A table could be represented as a two-tier list eg:

  - RowTable

   - Name 

    - Favorite Color

   - Jim

    - Red           

   - John

    - Blue 

or alternatively:

  - ColTable

   - Name 

    - Jim

    - John

   - Favorite Color

    - Red           

    - Blue

The advantages of this approach is that the meaning is clear from the text of the page (ie not too markupy) and it's easy to turn a list into a table or to rotate a table. It is still hard to create a new row in a ColTable? or a new col in a RowTable?, but at least you get to choose which one is hard.

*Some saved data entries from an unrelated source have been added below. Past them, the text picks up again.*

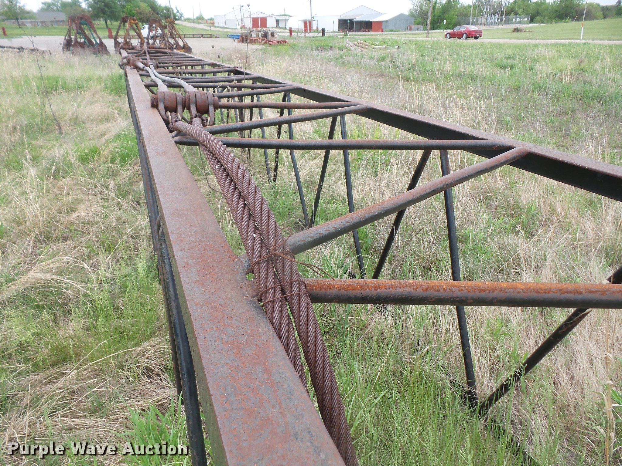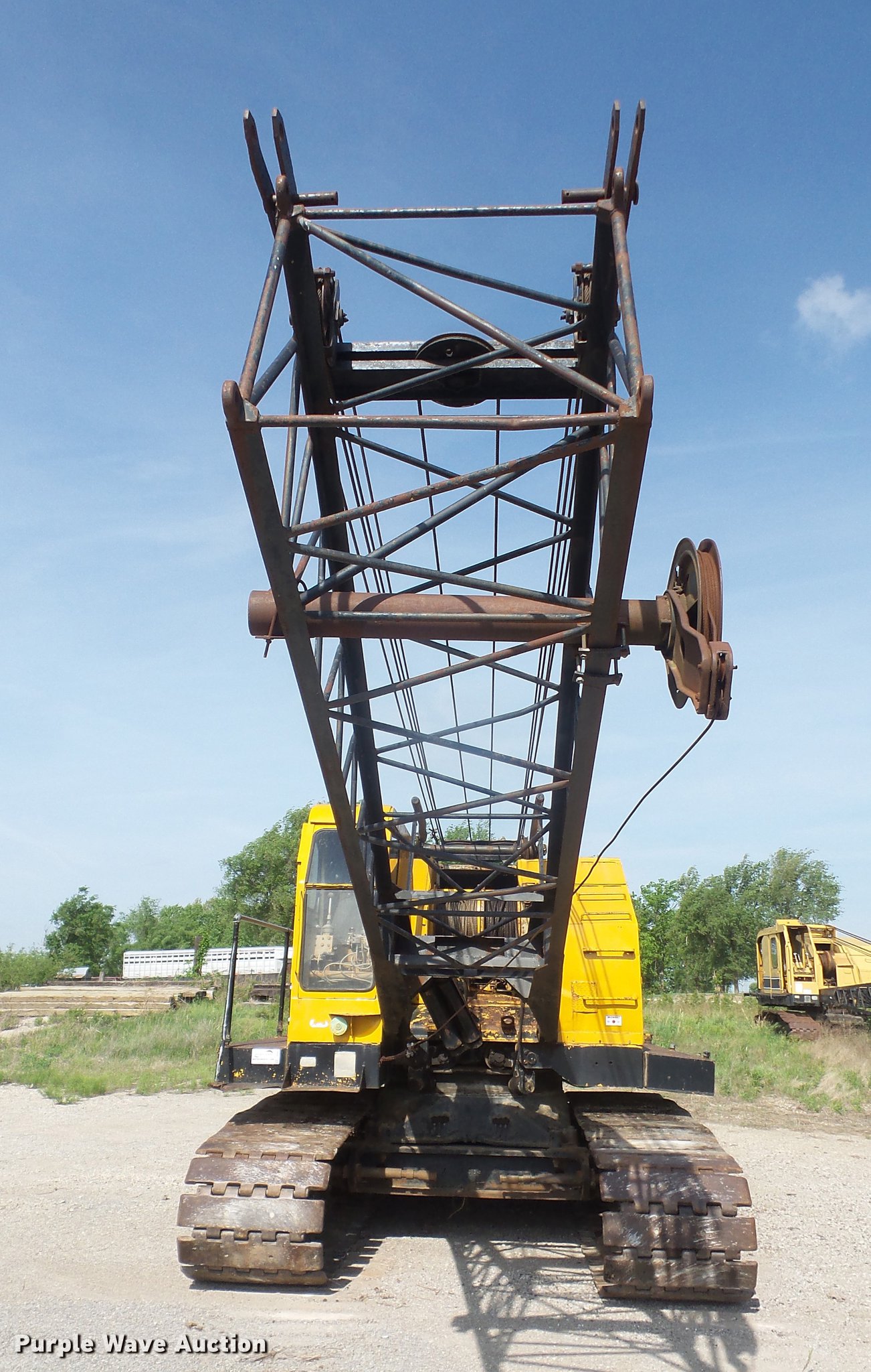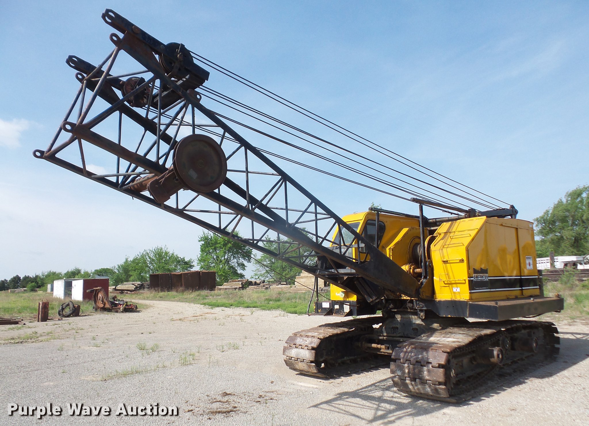 Purple Wave is selling a used Crawler Crane in Kansas. This item is a American 599-C crane with the following: 8,505 hours on meter, Detroit Diesel 461 four cylinder diesel engine, Mechanical propulsion, Air actuated control, Stick crane controls, 95' lattice boom, Four boom sections, 80,000 lbs maximum lift capacity, Individual swing and travel, (2) winches, Crane ball and hook, 35"W extendable tracks, Serial GS5064, Unit# 1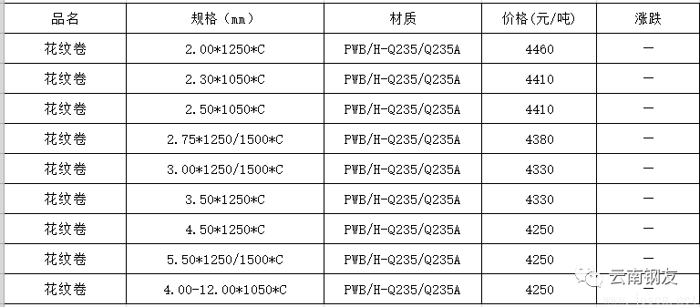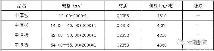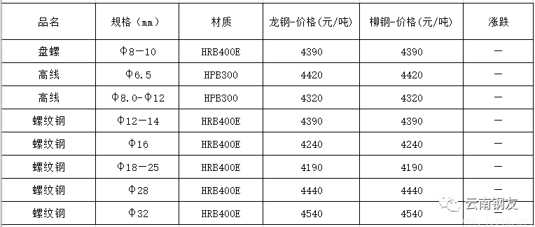 1、以上列表產(chǎn)品鋼廠/產(chǎn)地為:云南本地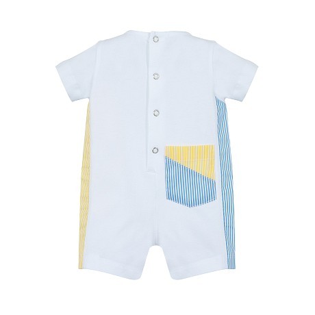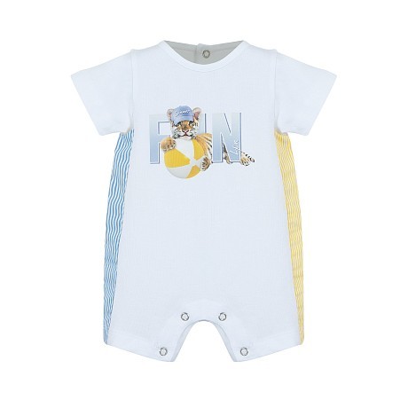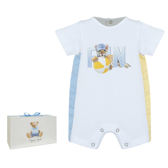 Песочник Lapin House – это идеальный выбор для мальчиков! Изготовленный из 89% хлопка, 6% лайкра и 5% полиамида, он украшен очаровательным принтом тигра с надписью "Fun". Нежная белая основа с ярким принтом создает игривое и в то же время уютное настроение. На фотографиях видна аккуратная голубая и желтая окантовка по краю и мягкая текстура ткани. Качество от бренда из Греции и внимание к деталям делают эту модель отличным выбором для вашего малыша!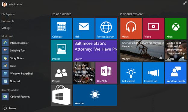 After doing above settings, you need to restart the PC to sync the settings. Once you restart, you will notice project Spartan logo on start screen which you can apply to taskbar as well as shown below.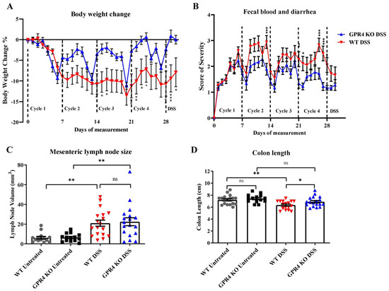 Nine-week-old male and female wild-type (WT) and GPR4 knockout (KO) mice were used in the experiments. GPR4-deficient mice were generated as previously described and were backcrossed into the C57BL/6 background for 11 generations [19]. Animals were maintained under specific pathogen-free conditions and were free from Helicobacter, Citrobacter rodentium, and norovirus. Colitis was induced using 3% (w/v) colitis-grade dextran sulfate sodium (DSS) with molecular weight 36,000–50,000 Da (Lot# Q1408, MP Biomedical, Solon, OH, USA) within the drinking water of the mice. The 3% DSS solution or water was provided to mice ad libitum, as previously described [16,31,32]. Briefly, mice were given 3% DSS for 4 cycles. Each cycle constituted 5 days of 3% DSS followed by 2 days of water. Following the fourth cycle, water was switched back to 3% DSS for 2 final days. Mouse body weight and clinical phenotype scores were measured each day [33].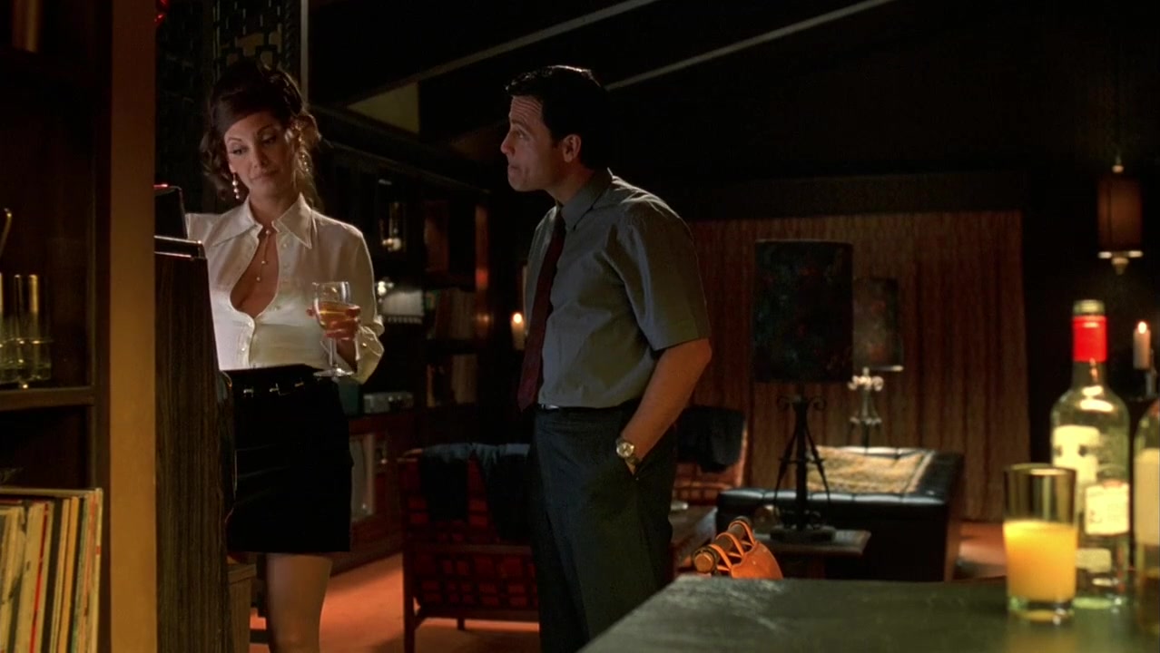 Descricao: Alex Meneses em cena de nudez do filme Auto Focus lançado em 2002. Ela nos mostra parte dos peitos.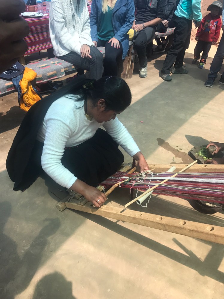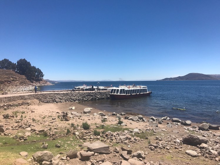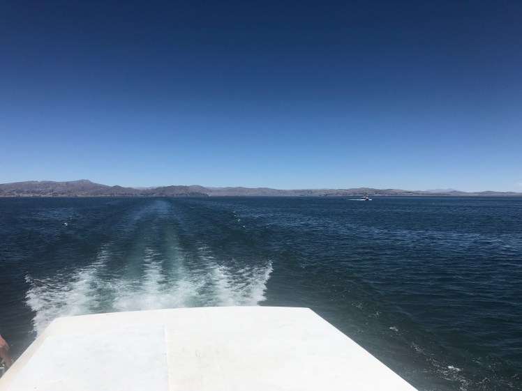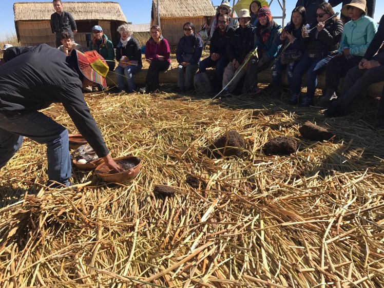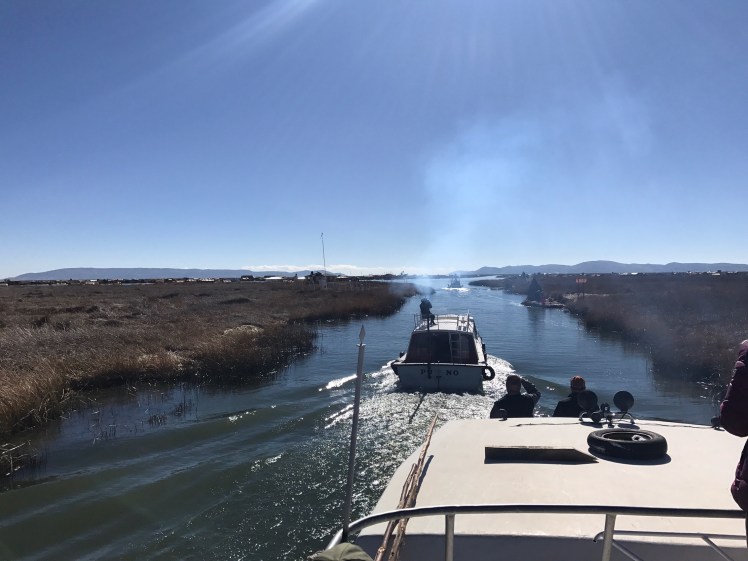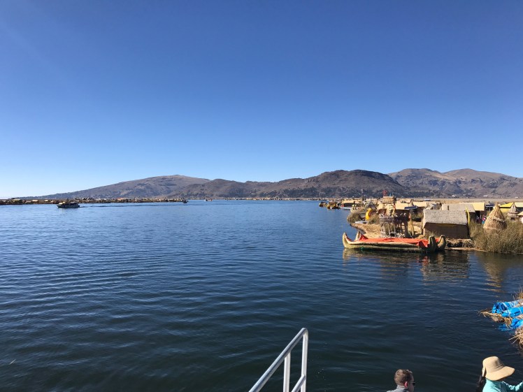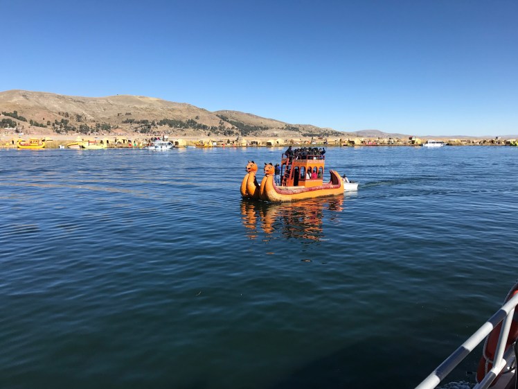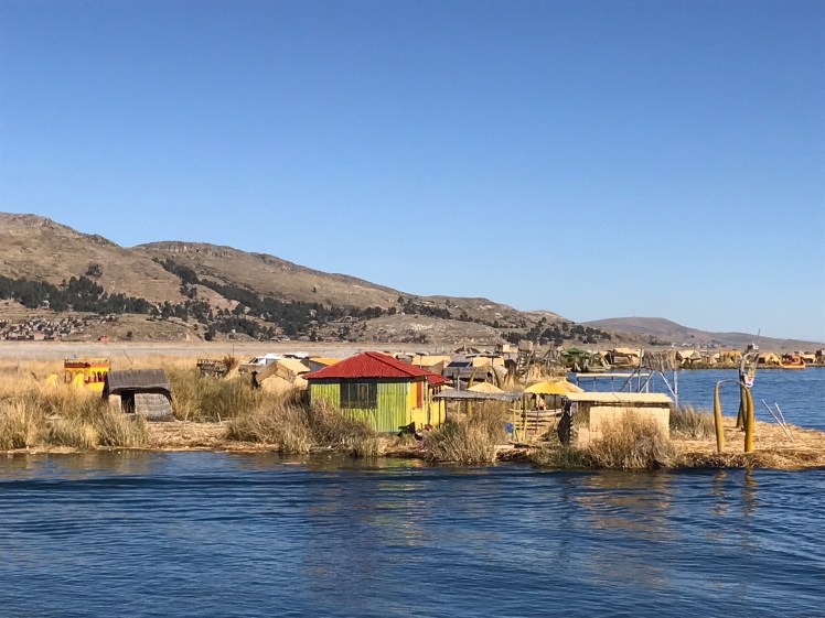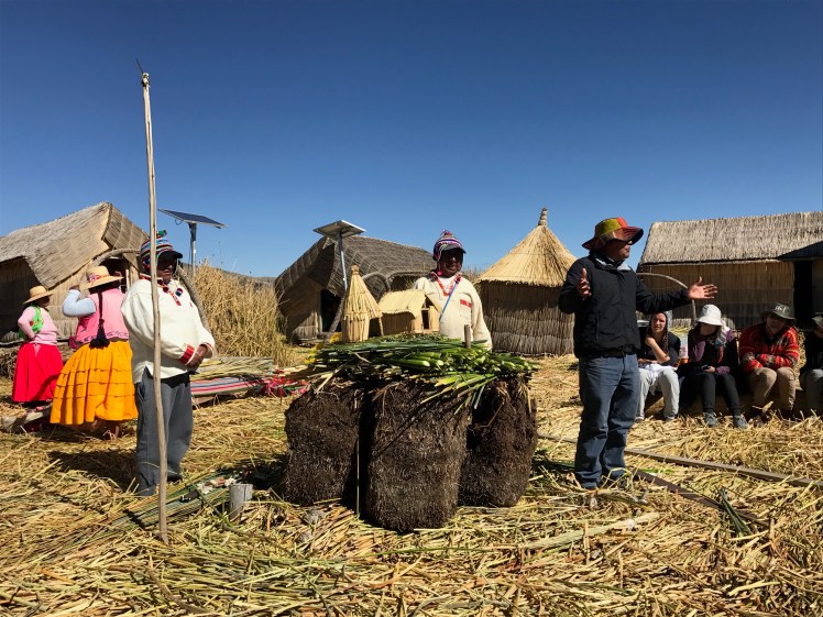 Vi stannade till vid den flytande staden Uros som är en helt overklig plats. Staden består av ca 90 ”öar” som befolkningen själv tillverkar av flytande torv och vass. Den ö vi besökte bestod av 20 st block á 5×10 meter och där huserade fem familjer, totalt 20 personer. Människorna flyttade ut på dessa öar före kolonisationen, antagligen beroende på brist på mark. Man har sedan dess flutit runt på sjön men efter en svår storm på 1970-talet är nu staden ”bofast” utanför staden Puno.

Not sure about how to do spanning. Perhaps a only the last cell in a row or col can be spanned? djay (May 8, 2002 7:53 pm; Comment #13) -- I thought of another variation of the tree list idea. Col, Row labels would make maitanance even easier. eg

  • ColTable?
    • Name
      • jim -- Jim
      • john -- John
    • Favorite Color
      • jim -- Red
      • john -- Blue

would produce the same table


I have been using the TWiki? at http://TWiki.org for about three years now. They have some interesting ideas about how to support a plain text representation for common HTML constructions. Take a look at their text formatting rules. It might save some time in the discussions.

On a side note, the use of the plain text representations in one concern that I am thinking about when cosidering moving from TWiki? to ZWiki since I have quite a few pages in the TWiki? world. But I like a number of the capabilities of Zope and Zwiki as well.